В «тофаларских» очерках есть робкие размышления о смысле человеческого бытия. Здесь настойчиво звучит тема смерти. Конечность человеческой жизни признается тем главным различием между природой и человеком, которое позволяет тофалару быть лишь хозяином, но не властелином тайги. Однако, как утверждает В. Распутин, человек обладает бессмертным духом, «И этот дух – надежда»[107]. В тофаларском обществе причудливым образом соединяются архаическое и современное: «В поселках рядом с новыми, красивыми домами стоят юрты. В них никто не живет, они никому не нужны, но старики не решаются сжигать последние мосты, связывающие их с прошлым»[108]; у старух рядом с иконами висят портреты космонавтки Валентины Терешковой, они не воспитывают в своих детях религиозность, а отправляют их в школу. Сохранение памяти, с одной стороны, и поклонение молодости, с другой, обеспечивает непрерывность жизни этноса и, таким образом, компенсирует смерть отдельных людей. В рассказе «Эх, старуха…» старая тофаларка не боится смерти: «Она выполнила свой человеческий долг: после нее на свете остаются дочь, ставшая матерью, и девчонка, которая тоже когда-нибудь станет матерью. Ее род продолжался и будет продолжаться – она в этой цепи была надежным звеном, к которому прикреплялись другие звенья»[109].
Художественная система очерков еще не была совершенной, над ней довлело самодостаточное любование экзотикой. Так, сказание о невиданном богатстве Саян до прихода в них тофаларов[110], записанное со слов стариков, в тексте не мотивировано, причины конца мифического изобилия и величия далее не разъясняются. В. Распутин сразу переходит к изложению легенды о причинах переселения тофаларов в горы – бегство от жестокого белого царя. Сами легенды приводятся в очерке «Край возле самого неба» лишь с экспрессивной целью – подчеркнуть достоинство и самосознание этого коренного сибирского этноса, лишь после революции избавившегося от обидного прозвища «карагас», т. е. «черный гусь». Белый царь из сказания сравнивается в злобе и жестокости с Казыр-рекой, однако горы, которые боятся злых речек, не становятся метафорой народа тофаларов; образы природы в этом очерке самодостаточны и не взаимодействуют с фольклорным материалом. Хотя в очерках о Тофаларии В. Распутин исследует отношения живых организмов, в том числе человека, со средой обитания, – собственно, экологию Саян, он не поднимает экологических проблем; вторжение геологов-разведчиков не вызывает у молодого В. Распутина тревоги.

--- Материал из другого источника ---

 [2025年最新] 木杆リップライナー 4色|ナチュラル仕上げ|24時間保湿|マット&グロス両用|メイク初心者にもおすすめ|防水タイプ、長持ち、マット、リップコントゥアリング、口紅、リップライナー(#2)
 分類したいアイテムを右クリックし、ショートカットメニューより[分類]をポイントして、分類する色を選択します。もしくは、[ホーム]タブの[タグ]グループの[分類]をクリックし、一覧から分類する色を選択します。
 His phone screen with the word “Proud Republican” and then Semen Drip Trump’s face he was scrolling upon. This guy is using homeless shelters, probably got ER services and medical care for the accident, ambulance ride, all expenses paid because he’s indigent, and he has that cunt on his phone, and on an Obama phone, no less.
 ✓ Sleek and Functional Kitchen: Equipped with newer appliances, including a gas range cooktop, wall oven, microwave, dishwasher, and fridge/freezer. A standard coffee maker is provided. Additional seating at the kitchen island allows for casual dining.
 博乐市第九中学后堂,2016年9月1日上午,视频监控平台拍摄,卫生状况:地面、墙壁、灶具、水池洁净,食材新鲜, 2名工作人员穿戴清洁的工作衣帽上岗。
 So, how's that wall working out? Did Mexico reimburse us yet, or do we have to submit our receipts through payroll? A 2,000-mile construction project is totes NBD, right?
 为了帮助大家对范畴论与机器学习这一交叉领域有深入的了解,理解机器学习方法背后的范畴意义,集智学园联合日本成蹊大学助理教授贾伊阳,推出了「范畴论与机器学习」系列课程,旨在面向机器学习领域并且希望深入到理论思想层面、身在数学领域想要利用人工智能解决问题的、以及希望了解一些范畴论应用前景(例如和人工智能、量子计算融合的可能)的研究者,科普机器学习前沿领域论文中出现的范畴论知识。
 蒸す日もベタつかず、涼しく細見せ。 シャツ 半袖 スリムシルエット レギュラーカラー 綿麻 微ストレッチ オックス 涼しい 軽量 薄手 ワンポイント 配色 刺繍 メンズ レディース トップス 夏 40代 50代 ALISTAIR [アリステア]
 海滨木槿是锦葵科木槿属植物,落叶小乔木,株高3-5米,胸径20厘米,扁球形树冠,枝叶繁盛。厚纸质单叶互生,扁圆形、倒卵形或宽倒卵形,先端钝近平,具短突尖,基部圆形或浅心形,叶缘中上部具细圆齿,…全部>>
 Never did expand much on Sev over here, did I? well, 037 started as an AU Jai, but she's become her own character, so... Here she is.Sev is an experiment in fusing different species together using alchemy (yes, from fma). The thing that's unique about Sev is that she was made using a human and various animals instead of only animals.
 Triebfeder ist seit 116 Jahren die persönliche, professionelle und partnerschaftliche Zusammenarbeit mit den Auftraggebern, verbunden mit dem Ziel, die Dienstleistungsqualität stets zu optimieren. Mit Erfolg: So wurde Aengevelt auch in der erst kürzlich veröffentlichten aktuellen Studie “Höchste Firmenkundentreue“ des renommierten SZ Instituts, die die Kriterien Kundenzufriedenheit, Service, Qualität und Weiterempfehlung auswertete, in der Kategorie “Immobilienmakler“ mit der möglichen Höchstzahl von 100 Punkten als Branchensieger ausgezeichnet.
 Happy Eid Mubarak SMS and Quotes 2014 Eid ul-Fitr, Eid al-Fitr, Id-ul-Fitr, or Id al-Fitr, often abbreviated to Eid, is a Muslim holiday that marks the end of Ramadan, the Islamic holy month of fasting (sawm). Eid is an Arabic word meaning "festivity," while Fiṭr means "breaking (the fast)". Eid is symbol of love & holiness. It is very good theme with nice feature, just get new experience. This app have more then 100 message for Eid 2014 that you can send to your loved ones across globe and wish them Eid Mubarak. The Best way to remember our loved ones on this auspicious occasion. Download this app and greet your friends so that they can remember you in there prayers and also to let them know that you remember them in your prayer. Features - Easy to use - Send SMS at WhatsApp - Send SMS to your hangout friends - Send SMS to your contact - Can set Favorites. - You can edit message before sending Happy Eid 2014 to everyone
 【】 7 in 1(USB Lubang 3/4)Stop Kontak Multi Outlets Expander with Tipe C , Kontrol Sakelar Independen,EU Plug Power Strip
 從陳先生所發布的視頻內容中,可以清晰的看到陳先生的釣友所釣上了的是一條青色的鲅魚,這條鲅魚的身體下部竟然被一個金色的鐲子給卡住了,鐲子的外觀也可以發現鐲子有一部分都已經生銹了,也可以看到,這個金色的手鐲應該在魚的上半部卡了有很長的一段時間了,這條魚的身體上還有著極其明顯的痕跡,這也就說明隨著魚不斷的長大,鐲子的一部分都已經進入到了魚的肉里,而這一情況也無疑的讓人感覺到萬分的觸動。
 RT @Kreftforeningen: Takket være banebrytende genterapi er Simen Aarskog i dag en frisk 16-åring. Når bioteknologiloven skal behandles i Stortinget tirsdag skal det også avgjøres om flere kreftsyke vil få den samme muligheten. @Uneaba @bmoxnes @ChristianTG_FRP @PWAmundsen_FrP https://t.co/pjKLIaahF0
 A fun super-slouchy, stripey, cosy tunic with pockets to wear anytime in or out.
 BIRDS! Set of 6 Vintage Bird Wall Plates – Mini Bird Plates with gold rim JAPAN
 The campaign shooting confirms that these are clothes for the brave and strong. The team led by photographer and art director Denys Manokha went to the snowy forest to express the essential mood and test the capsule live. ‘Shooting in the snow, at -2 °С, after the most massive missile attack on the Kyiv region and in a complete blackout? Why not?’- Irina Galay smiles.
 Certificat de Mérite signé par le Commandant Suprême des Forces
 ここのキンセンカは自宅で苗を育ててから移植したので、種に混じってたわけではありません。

Об окончательном преодолении В. Распутиным социального утопизма может свидетельствовать опубликованный в журнале «Наш современник» в 1972 г. (№ 6) художественный очерк «Вниз по течению» (в более поздних публикациях – «Вниз и вверх по течению»). Сюжет очерка – путешествие автобиографического героя в страну детства, точнее, то, что от нее осталось после затопления водохранилища ГЭС. Путь, проделанный писателем Виктором на малую родину, становится путем прозрения трагической сути современной жизни, разочарования в наивных детских представлениях и приобретения трезвого взгляда на действительность.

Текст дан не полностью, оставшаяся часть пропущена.